[Opening DATA FOR THIS TASK section]

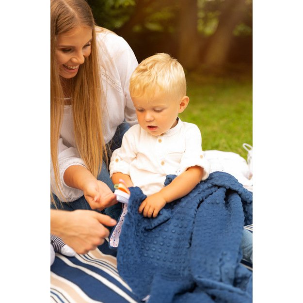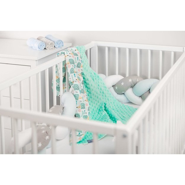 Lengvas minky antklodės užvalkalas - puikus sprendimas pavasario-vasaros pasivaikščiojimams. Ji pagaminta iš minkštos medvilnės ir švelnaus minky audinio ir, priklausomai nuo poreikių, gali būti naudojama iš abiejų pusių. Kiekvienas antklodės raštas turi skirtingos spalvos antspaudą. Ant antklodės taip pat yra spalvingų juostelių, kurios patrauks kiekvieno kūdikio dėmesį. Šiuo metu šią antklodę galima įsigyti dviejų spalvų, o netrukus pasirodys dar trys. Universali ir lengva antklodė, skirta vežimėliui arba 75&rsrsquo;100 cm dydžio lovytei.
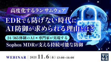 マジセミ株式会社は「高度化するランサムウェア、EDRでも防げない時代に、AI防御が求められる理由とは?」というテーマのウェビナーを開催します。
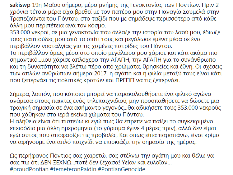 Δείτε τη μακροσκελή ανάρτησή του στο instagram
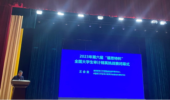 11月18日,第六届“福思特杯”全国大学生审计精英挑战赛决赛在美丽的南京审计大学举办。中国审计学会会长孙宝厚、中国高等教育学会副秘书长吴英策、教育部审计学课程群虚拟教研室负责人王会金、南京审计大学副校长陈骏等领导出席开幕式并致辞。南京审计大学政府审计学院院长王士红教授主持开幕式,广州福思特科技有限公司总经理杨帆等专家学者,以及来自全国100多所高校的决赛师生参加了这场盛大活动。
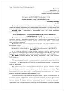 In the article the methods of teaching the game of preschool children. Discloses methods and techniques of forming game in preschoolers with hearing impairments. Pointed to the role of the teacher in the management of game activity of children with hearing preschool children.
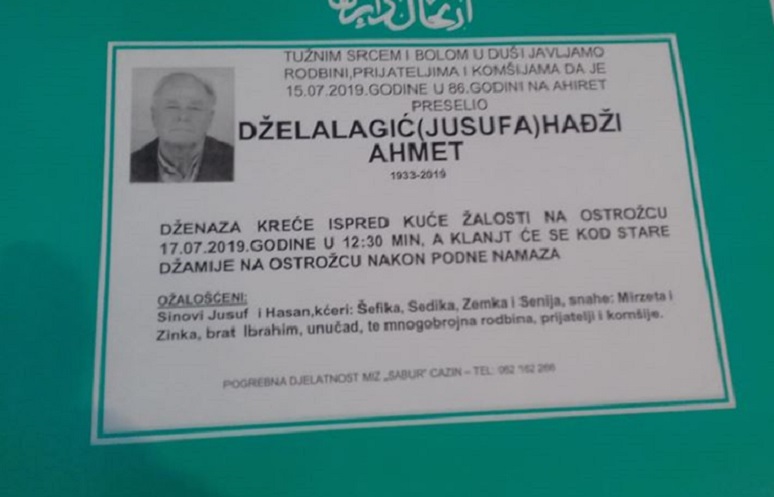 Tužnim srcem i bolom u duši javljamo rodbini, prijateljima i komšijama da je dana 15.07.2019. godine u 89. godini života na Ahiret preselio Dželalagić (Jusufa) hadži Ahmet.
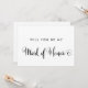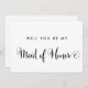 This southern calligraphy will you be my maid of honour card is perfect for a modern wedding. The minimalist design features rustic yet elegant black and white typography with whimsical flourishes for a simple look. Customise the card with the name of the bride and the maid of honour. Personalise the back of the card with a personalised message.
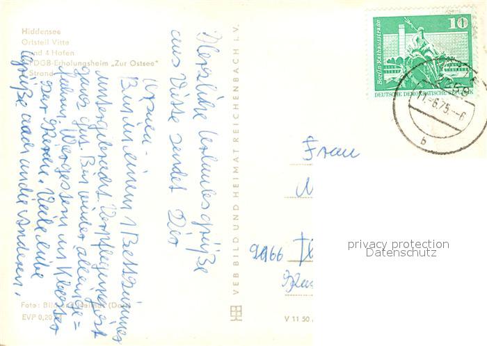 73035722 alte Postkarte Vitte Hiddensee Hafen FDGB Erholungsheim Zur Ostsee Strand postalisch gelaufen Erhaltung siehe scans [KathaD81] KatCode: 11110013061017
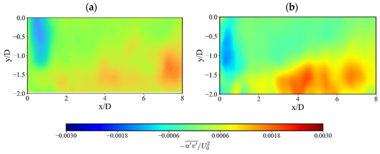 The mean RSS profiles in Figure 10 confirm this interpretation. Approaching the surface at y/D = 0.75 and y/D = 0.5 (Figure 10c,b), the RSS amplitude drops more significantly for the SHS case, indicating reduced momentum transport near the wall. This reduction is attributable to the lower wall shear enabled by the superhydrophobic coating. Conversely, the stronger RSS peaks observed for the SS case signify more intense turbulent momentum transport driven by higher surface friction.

[Closing DATA FOR THIS TASK section]

WHAT IS EXPECTED.
Only the lines from the top of the records through the line with "73035722 alte Postkarte" belong in the copy; write them out exactly, leaving out pictures.

EXERCISE ANSWER.
 Lengvas minky antklodės užvalkalas - puikus sprendimas pavasario-vasaros pasivaikščiojimams. Ji pagaminta iš minkštos medvilnės ir švelnaus minky audinio ir, priklausomai nuo poreikių, gali būti naudojama iš abiejų pusių. Kiekvienas antklodės raštas turi skirtingos spalvos antspaudą. Ant antklodės taip pat yra spalvingų juostelių, kurios patrauks kiekvieno kūdikio dėmesį. Šiuo metu šią antklodę galima įsigyti dviejų spalvų, o netrukus pasirodys dar trys. Universali ir lengva antklodė, skirta vežimėliui arba 75&rsrsquo;100 cm dydžio lovytei.
 マジセミ株式会社は「高度化するランサムウェア、EDRでも防げない時代に、AI防御が求められる理由とは?」というテーマのウェビナーを開催します。
 Δείτε τη μακροσκελή ανάρτησή του στο instagram
 11月18日,第六届“福思特杯”全国大学生审计精英挑战赛决赛在美丽的南京审计大学举办。中国审计学会会长孙宝厚、中国高等教育学会副秘书长吴英策、教育部审计学课程群虚拟教研室负责人王会金、南京审计大学副校长陈骏等领导出席开幕式并致辞。南京审计大学政府审计学院院长王士红教授主持开幕式,广州福思特科技有限公司总经理杨帆等专家学者,以及来自全国100多所高校的决赛师生参加了这场盛大活动。
 In the article the methods of teaching the game of preschool children. Discloses methods and techniques of forming game in preschoolers with hearing impairments. Pointed to the role of the teacher in the management of game activity of children with hearing preschool children.
 Tužnim srcem i bolom u duši javljamo rodbini, prijateljima i komšijama da je dana 15.07.2019. godine u 89. godini života na Ahiret preselio Dželalagić (Jusufa) hadži Ahmet.
 This southern calligraphy will you be my maid of honour card is perfect for a modern wedding. The minimalist design features rustic yet elegant black and white typography with whimsical flourishes for a simple look. Customise the card with the name of the bride and the maid of honour. Personalise the back of the card with a personalised message.
 73035722 alte Postkarte Vitte Hiddensee Hafen FDGB Erholungsheim Zur Ostsee Strand postalisch gelaufen Erhaltung siehe scans [KathaD81] KatCode: 11110013061017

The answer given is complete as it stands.